Activity >>
Retype the entries exactly, but skip the pictures.

(Source records)

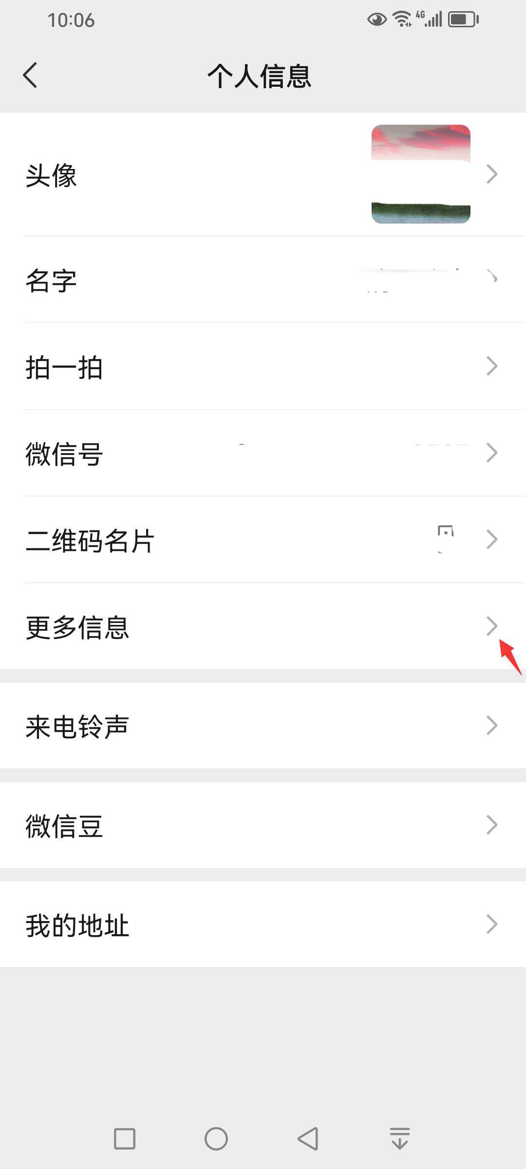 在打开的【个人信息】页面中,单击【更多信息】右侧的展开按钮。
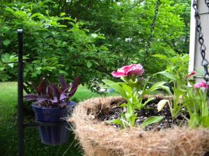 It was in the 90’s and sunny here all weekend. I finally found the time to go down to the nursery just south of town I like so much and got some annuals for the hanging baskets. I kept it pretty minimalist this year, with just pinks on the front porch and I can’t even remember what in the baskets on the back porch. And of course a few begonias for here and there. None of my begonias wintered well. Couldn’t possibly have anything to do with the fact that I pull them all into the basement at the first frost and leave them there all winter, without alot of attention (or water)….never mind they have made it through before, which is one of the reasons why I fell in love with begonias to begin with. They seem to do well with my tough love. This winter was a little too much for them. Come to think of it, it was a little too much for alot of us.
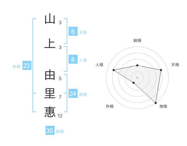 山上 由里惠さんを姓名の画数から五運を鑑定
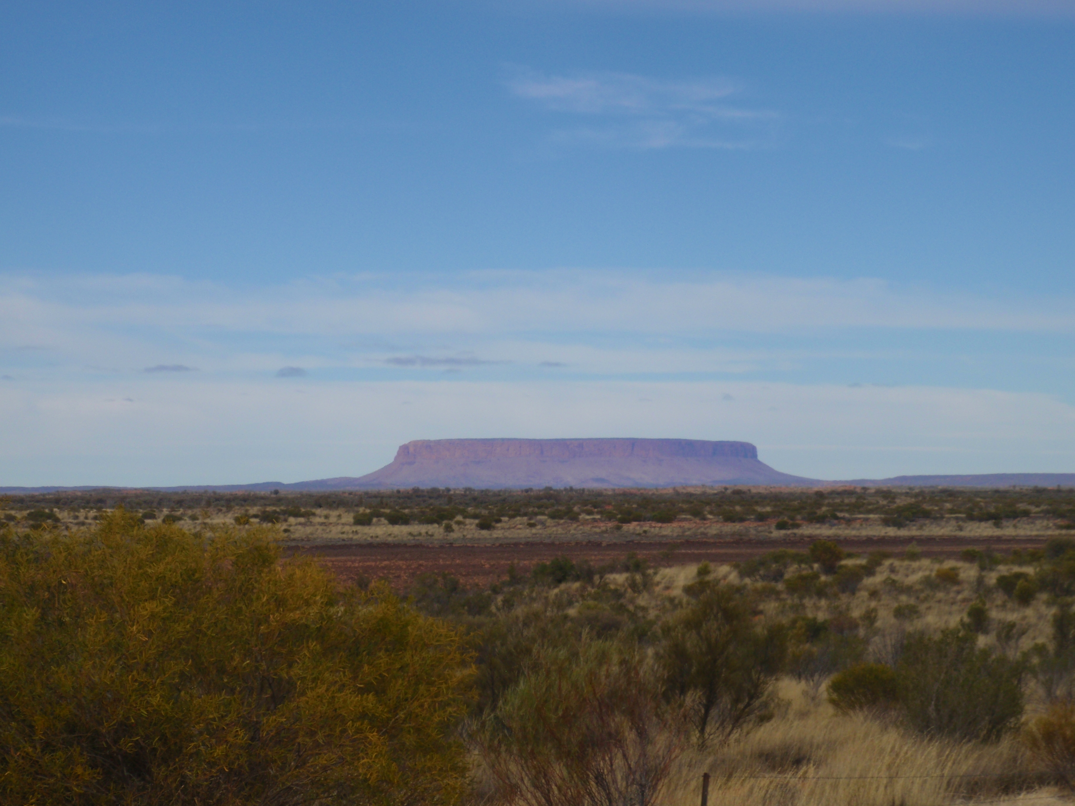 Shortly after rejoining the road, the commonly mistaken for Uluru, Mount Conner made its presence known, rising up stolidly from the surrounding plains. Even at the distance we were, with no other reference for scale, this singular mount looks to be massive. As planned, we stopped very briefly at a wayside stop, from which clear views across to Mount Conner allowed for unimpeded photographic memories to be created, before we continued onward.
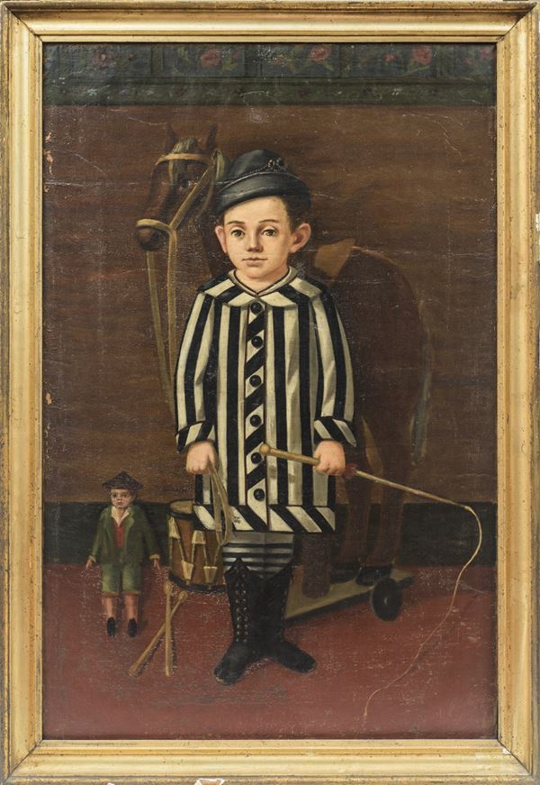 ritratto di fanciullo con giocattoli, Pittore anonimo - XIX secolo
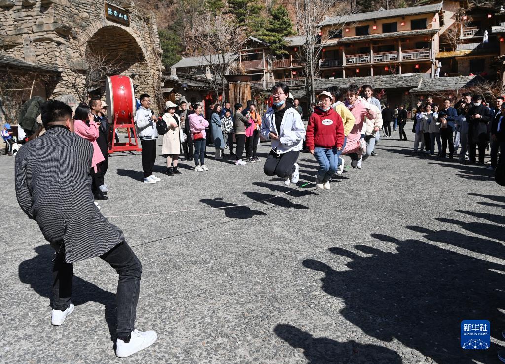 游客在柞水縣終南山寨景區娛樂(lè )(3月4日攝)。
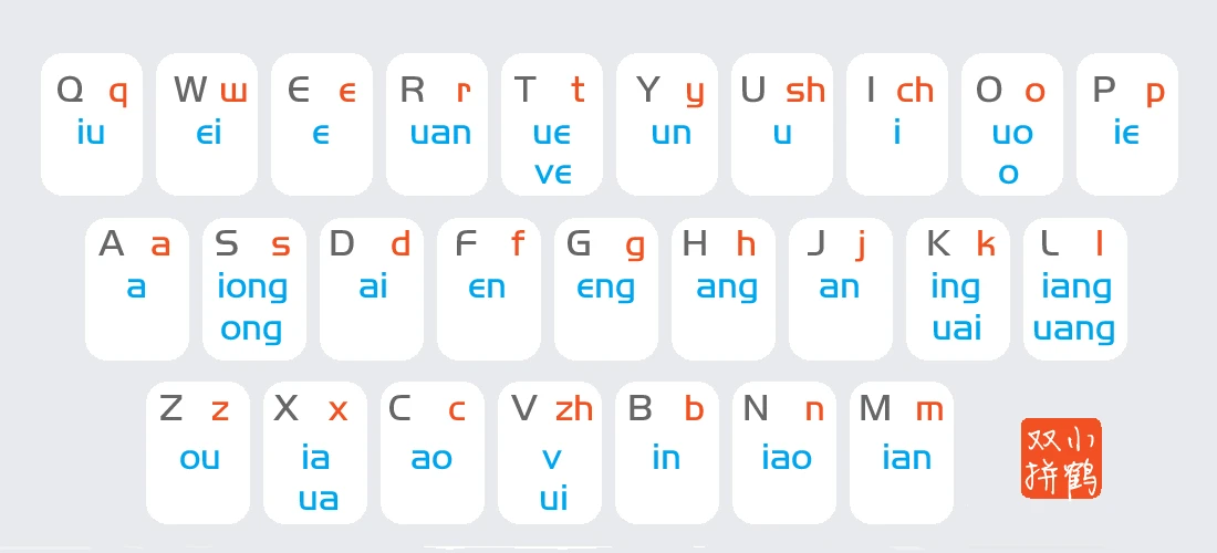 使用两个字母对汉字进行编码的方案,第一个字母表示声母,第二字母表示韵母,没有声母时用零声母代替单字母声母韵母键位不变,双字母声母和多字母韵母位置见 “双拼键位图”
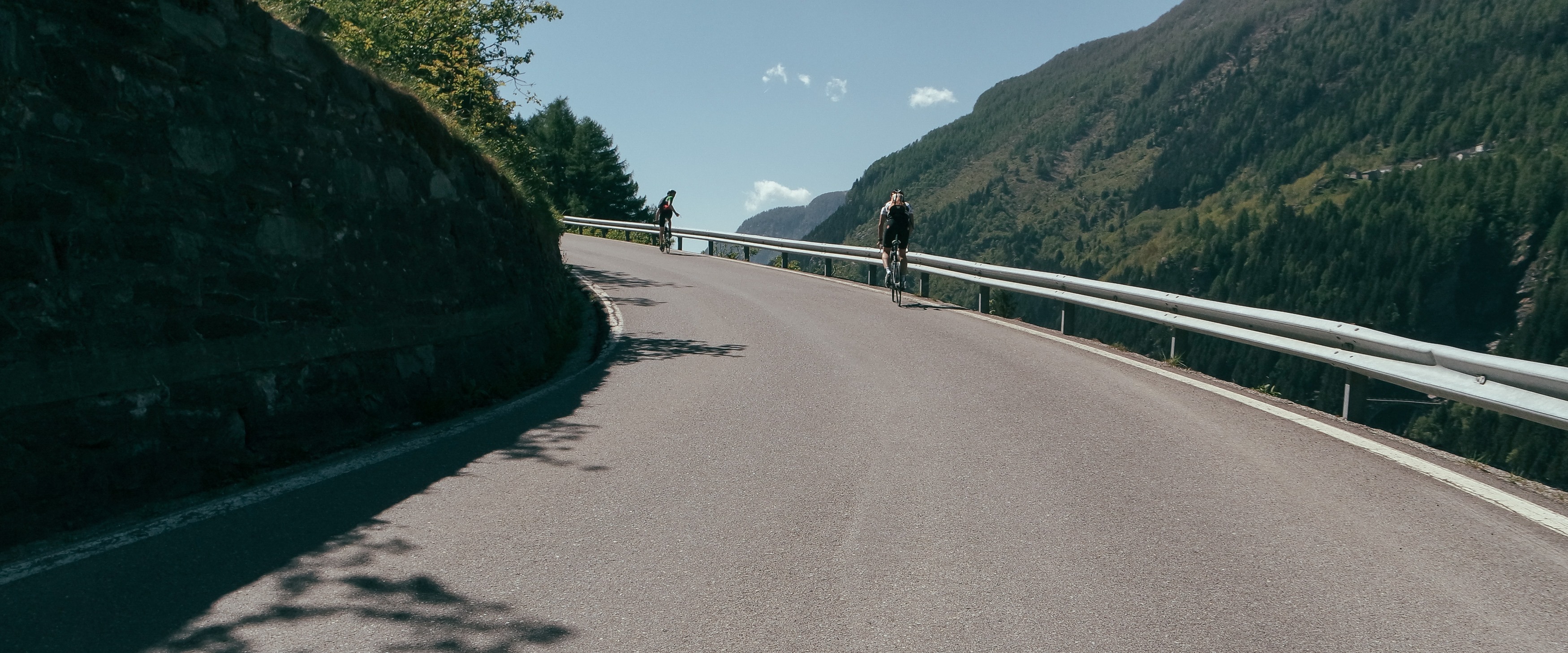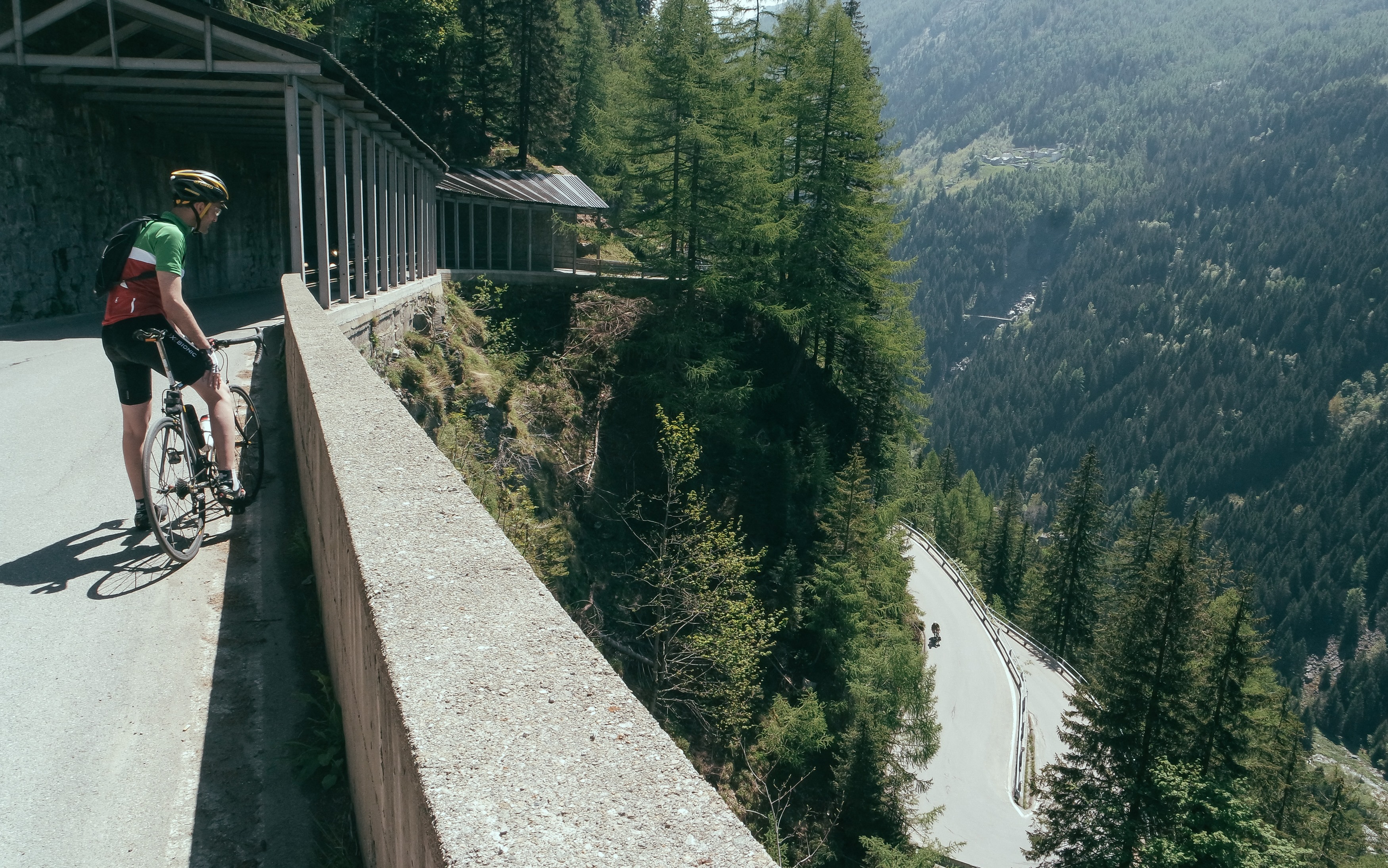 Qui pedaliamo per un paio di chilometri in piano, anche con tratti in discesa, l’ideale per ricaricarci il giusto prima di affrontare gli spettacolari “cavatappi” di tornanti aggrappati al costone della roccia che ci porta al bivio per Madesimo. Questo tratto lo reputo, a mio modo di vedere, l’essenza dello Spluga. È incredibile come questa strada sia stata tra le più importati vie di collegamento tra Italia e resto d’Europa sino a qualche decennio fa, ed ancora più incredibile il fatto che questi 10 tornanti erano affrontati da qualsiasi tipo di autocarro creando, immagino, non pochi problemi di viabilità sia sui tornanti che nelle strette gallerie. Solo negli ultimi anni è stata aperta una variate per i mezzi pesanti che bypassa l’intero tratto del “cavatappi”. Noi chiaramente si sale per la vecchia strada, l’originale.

(End Source records)

Solution to the exercise >>
 在打开的【个人信息】页面中,单击【更多信息】右侧的展开按钮。
 It was in the 90’s and sunny here all weekend. I finally found the time to go down to the nursery just south of town I like so much and got some annuals for the hanging baskets. I kept it pretty minimalist this year, with just pinks on the front porch and I can’t even remember what in the baskets on the back porch. And of course a few begonias for here and there. None of my begonias wintered well. Couldn’t possibly have anything to do with the fact that I pull them all into the basement at the first frost and leave them there all winter, without alot of attention (or water)….never mind they have made it through before, which is one of the reasons why I fell in love with begonias to begin with. They seem to do well with my tough love. This winter was a little too much for them. Come to think of it, it was a little too much for alot of us.
 山上 由里惠さんを姓名の画数から五運を鑑定
 Shortly after rejoining the road, the commonly mistaken for Uluru, Mount Conner made its presence known, rising up stolidly from the surrounding plains. Even at the distance we were, with no other reference for scale, this singular mount looks to be massive. As planned, we stopped very briefly at a wayside stop, from which clear views across to Mount Conner allowed for unimpeded photographic memories to be created, before we continued onward.
 ritratto di fanciullo con giocattoli, Pittore anonimo - XIX secolo
 游客在柞水縣終南山寨景區娛樂(lè )(3月4日攝)。
 使用两个字母对汉字进行编码的方案,第一个字母表示声母,第二字母表示韵母,没有声母时用零声母代替单字母声母韵母键位不变,双字母声母和多字母韵母位置见 “双拼键位图”
 Qui pedaliamo per un paio di chilometri in piano, anche con tratti in discesa, l’ideale per ricaricarci il giusto prima di affrontare gli spettacolari “cavatappi” di tornanti aggrappati al costone della roccia che ci porta al bivio per Madesimo. Questo tratto lo reputo, a mio modo di vedere, l’essenza dello Spluga. È incredibile come questa strada sia stata tra le più importati vie di collegamento tra Italia e resto d’Europa sino a qualche decennio fa, ed ancora più incredibile il fatto che questi 10 tornanti erano affrontati da qualsiasi tipo di autocarro creando, immagino, non pochi problemi di viabilità sia sui tornanti che nelle strette gallerie. Solo negli ultimi anni è stata aperta una variate per i mezzi pesanti che bypassa l’intero tratto del “cavatappi”. Noi chiaramente si sale per la vecchia strada, l’originale.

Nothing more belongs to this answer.